Alla luce di quanto sopra, ribadita l’assenza di fratture immediatamente dopo l’infortunio e tenuto conto delle importanti alterazioni degenerative preesistenti, il dr. __________ ha considerato che “la relazione con l’infortunio in parola è per conto mio solo possibile, questo anche valutando il rapporto citato della Clinica __________ di __________” (doc. 80). Rapporto quest’ultimo che in effetti, partendo da un’anamnesi errata, riteneva comunque solo possibile l’esistenza di un nesso causale (doc. 46).
Il TCA concorda con queste considerazioni del dr. __________.

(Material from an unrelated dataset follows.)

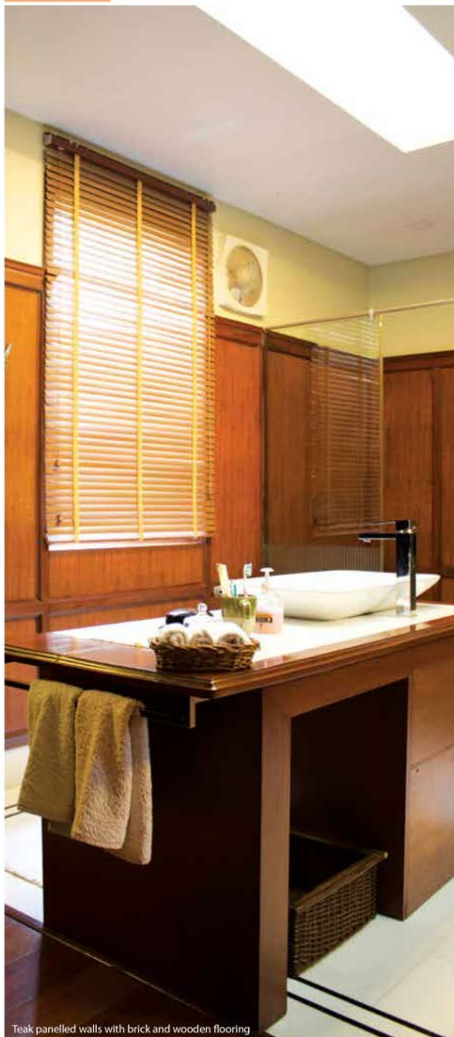
Teak panelled walls with brick and wooden flooring

“The house brings out a profound rustic reminiscence of the golden age, where the architectural innovations were a prominent process of perfection and secretive innovations”

Infine, quanto alla pretesa ricorsuale di riconoscere, anche dopo il 21 gennaio 2013, il nesso causale tra i disturbi al piede destro e l’infortunio del 24 maggio 2012, visto che prima dell’infortunio citato l’interessato non ha mai presentato dei dolori a livello del piede destro, disturbi che sono invece insorti successivamente all’evento traumatico citato, questo Tribunale ribadisce che, come correttamente indicato dall’assicuratore infortuni, la regola “post hoc, ergo propter hoc” (dopo questo, dunque a causa di questo) non ha valenza scientifica. La giurisprudenza federale ha stabilito che per il solo fatto d’essere insorto dopo l’infortunio, un disturbo alla salute non può già essere ritenuto una sua conseguenza. Tale argomento è insostenibile dal profilo della medicina infortunistica e inammissibile da quello probatorio (cfr. STF 8C_725/2012 del 27 marzo 2013 consid. 7.2.2: “Der Versicherte argumentiert weiter, "woher sonst, wenn nicht vom Unfall aus dem Jahre 1993, kommen die erwähnten Beschwerden an der linken oberen Extremität?" Die mit dieser rhetorischen Frage angerufene Beweisregel "post hoc ergo propter hoc" (vgl. BGE 119 V 335 E. 2b/bb S. 341 f.) ist jedoch praxisgemäss unfallmedizinisch nicht haltbar und beweisrechtlich nicht zulässig, …”; sul tema vedi pure Th. Frei, Die Integritätsentschädigung nach Art. 24 und 25 des Bundesgesetzes über die Unfallversicherung, Friborgo 1998, p. 30, nota 96; A. Rumo-Jungo, Rechtsprechung des Bundesgerichts zum Sozialversicherungsrecht, Bundesgesetz über die Unfallversicherung, Zurigo 1995, p. 41).
Pertanto, in esito alle considerazioni che precedono, questo Tribunale reputa dimostrato, secondo il criterio della verosimiglianza preponderante, caratteristico del settore della sicurezza sociale (cfr. DTF 125 V 195 consid. 2 e riferimenti; cfr., pure, Ghélew, Ramelet, Ritter, op. cit., p. 320 e A. Rumo-Jungo, Rechtsprechung des Bundesgerichts zum Sozialversicherungsrecht, Bundesgesetz über die Unfallversicherung, Zurigo 2003, p. 343), che l’infortunio occorso a RI 1 il 24 maggio 2012 ha cessato di giocare un ruolo causale in relazione ai disturbi da esso lamentati alla caviglia e al piede destro a far tempo dal 21 gennaio 2013.
Per questi motivi
dichiara e pronuncia
Il ricorso è respinto.
Non si percepisce tassa di giustizia, mentre le spese sono poste a carico dello Stato.
Comunicazione agli interessati i quali possono impugnare il presente giudizio con ricorso in materia di diritto pubblico al Tribunale federale, Schweizerhofquai 6, 6004 Lucerna, entro 30 giorni dalla comunicazione.
L'atto di ricorso, in 3 esemplari, deve indicare quale decisione è chiesta invece di quella impugnata, contenere una breve motivazione, e recare la firma del ricorrente o del suo rappresentante. Al ricorso dovrà essere allegata la decisione impugnata e la busta in cui il ricorrente l'ha ricevuta.